Kirkus Reviews QR Code
18 MINUTES by Peter Bregman

18 MINUTES

Find Your Focus, Master Distraction, and Get the Right Things Done

by Peter Bregman

Pub Date: Sept. 28th, 2011
ISBN: 978-0-446-58341-1
Publisher: Business Plus/Grand Central

Successful people can get even more out of life and work by mastering distraction and following a few supposedly simple rules. 

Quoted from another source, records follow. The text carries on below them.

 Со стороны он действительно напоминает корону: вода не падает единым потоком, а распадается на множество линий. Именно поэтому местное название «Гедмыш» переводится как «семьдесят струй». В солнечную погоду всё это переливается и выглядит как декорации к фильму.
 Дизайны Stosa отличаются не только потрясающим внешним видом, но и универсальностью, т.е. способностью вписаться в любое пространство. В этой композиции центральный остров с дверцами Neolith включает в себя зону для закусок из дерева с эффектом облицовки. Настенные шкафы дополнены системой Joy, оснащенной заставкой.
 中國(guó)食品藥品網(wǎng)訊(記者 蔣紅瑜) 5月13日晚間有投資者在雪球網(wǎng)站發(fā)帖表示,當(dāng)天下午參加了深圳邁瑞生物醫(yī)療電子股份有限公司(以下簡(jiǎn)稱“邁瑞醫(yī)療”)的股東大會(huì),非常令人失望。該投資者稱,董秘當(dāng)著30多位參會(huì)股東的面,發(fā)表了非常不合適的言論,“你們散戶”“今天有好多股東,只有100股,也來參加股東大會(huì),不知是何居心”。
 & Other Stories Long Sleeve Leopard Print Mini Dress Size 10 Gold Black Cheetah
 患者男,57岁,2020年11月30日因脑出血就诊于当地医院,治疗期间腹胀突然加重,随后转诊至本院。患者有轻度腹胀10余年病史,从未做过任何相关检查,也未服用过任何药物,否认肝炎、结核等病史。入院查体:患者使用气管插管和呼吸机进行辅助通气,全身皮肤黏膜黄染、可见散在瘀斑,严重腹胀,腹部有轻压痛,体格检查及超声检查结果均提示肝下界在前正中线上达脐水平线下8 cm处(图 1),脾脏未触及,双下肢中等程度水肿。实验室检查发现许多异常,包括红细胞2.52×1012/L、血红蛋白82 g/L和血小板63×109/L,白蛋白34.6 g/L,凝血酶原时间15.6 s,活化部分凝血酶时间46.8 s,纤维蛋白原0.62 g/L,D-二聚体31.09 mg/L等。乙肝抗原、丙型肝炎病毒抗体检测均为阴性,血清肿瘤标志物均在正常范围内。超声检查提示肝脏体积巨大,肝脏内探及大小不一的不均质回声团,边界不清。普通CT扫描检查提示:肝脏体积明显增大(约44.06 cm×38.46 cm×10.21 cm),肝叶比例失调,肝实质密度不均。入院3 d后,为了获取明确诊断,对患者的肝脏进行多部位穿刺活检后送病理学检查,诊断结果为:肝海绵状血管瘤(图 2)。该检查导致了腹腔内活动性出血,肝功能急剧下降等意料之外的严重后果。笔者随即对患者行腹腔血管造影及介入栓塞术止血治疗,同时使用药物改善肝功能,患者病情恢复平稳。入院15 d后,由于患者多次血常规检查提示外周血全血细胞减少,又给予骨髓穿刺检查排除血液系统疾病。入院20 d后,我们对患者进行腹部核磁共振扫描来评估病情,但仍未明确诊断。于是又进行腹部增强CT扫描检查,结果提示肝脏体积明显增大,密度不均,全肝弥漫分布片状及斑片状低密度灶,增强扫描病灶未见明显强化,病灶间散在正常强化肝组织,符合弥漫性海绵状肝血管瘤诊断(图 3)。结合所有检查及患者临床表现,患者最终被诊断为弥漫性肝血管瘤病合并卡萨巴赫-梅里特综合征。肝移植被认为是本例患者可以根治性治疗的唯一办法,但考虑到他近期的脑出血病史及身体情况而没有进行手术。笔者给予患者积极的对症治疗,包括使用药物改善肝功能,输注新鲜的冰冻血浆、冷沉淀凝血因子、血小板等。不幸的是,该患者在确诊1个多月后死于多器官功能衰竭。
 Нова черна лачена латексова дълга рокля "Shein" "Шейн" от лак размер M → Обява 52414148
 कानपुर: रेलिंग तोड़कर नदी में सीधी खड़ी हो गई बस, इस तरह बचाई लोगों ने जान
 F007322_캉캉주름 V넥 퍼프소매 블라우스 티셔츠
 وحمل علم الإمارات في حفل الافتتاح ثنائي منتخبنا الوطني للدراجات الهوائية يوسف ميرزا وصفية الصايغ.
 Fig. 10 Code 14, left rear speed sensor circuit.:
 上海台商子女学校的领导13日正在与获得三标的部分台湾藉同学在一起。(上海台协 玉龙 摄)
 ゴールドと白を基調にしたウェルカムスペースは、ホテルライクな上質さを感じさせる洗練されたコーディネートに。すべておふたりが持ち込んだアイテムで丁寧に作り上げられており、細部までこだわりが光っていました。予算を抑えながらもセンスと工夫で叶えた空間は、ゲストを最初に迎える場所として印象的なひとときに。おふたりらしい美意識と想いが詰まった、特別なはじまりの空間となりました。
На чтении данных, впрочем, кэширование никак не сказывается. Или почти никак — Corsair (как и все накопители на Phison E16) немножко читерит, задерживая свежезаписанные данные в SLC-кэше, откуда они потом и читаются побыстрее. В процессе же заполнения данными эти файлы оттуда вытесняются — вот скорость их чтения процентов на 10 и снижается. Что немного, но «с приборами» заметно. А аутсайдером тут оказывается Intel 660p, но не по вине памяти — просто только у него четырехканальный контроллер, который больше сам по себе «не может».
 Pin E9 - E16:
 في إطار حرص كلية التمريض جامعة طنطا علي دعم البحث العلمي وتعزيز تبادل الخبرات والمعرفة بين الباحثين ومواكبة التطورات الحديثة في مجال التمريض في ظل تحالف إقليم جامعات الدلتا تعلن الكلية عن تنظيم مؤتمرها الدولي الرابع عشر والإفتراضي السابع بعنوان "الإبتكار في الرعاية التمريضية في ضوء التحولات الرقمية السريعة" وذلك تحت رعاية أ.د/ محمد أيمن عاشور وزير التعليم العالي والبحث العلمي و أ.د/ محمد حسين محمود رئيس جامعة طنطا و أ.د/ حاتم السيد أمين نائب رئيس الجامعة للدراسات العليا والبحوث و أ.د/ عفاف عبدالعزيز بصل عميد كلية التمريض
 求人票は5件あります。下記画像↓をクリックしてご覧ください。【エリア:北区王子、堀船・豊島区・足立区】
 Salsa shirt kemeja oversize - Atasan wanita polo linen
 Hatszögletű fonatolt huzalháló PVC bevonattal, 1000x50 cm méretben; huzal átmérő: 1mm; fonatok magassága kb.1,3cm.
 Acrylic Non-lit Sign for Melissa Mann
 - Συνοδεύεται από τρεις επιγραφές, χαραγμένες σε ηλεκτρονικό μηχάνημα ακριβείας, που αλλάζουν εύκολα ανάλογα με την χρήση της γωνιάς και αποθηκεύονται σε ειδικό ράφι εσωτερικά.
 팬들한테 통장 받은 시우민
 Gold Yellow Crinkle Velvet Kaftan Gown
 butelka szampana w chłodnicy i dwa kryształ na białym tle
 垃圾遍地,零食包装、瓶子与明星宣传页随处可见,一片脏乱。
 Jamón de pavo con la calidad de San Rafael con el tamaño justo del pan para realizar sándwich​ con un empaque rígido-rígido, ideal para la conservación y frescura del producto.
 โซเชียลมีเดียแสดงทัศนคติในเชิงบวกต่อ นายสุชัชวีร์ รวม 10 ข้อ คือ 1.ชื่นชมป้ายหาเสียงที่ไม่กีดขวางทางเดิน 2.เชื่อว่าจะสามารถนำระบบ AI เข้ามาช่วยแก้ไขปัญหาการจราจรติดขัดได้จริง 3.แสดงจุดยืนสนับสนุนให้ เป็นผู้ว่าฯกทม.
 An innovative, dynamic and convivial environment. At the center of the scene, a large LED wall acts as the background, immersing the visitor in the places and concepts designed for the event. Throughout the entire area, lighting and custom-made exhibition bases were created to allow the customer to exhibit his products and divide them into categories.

The 18 minutes in Harvard Business Review columnist and business consultant Bregman’s (Point B: A Short Guide to Leading a Big Change, 2007) plan, not revealed until well into the book, include one minute every working hour to contemplate how effectively the carefully plotted previous hour was used and what’s in store for the next. This ritualistic hourly refocusing exercise should be prompted by a pre-programmed phone, computer or watch alert. There will also be just enough time to ponder, “Who am I?” The author's method accounts for a daily eight minutes during work, sandwiched between five minutes in the morning to plan ahead and another five at night to candidly review how it went. Do it faithfully and success will follow or increase. Many chapters in this formulaic guide begin with anecdotes that lead to some larger point and are topped off with a chapter-ending homily. Emphasis is placed on shutting out distraction, as in refusing to cede precious seconds to people or things that don’t really matter in one’s yearly, daily, and minute-by-minute plan. Bregman's writing style is lucid if somewhat self-congratulatory. That prospective practitioners of the author’s program are intelligent, talented and ambitious is assumed. Only one lower-order person appears in the book, a night janitor with a sense of achievement for making an office look clean. The author, a Princeton graduate and self-made man, seems to find this hard to credit. Irritating on many levels, but loosely based on an underlying truth that thought should precede action.